\section{Tabular output formats}
\label{section:tabular}
\setcounter{footnote}{0}

\subsection{The target hits table}

The \ccode{--tblout} output option in \prog{cmscan} and
  \prog{cmsearch} produces the \emph{target hits table}.  The target
  hits table consists of one line for each different query/target
  comparison that met the reporting thresholds, ranked by decreasing
  statistical significance (increasing E-value).  Each line consists
  of \textbf{18 space-delimited fields} followed by a free text target
  sequence description, as follows:\footnote{The \ccode{tblout} format
  is deliberately space-delimited (rather than tab-delimited) and
  justified into aligned columns, so these files are suitable both for
  automated parsing and for human examination.
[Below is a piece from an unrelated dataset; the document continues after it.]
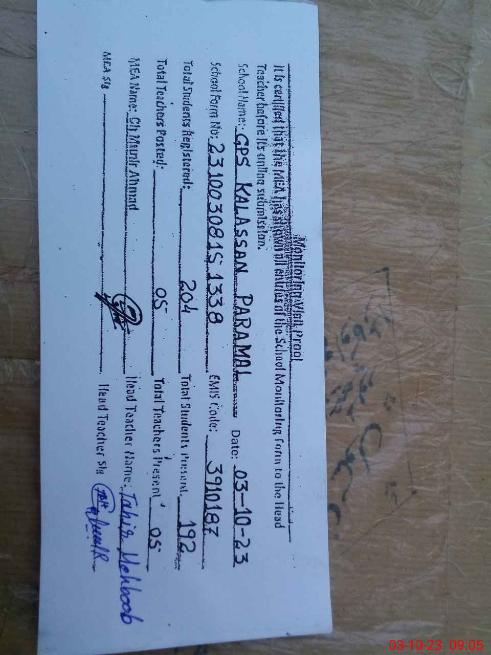 | EMIS Code: 39310187 | Name of School: GPS KALASSAN PARAMAL | |||

Tab-delimited data
  files are difficult for humans to examine and spot check. For this
  reason, we think tab-delimited files are a minor evil in the
  world. Although we occasionally receive shrieks of outrage about
  this, we stubbornly feel that space-delimited files are just as
  trivial to parse as tab-delimited files.}

\begin{description}
\item[\emprog{(1) target name:}]
  The name of the target sequence or profile. 

\item[\emprog{(2) accession:}]
  The accession of the target sequence or profile, or '-' if none.

\item[\emprog{(3) query name:}] 
  The name of the query sequence or profile.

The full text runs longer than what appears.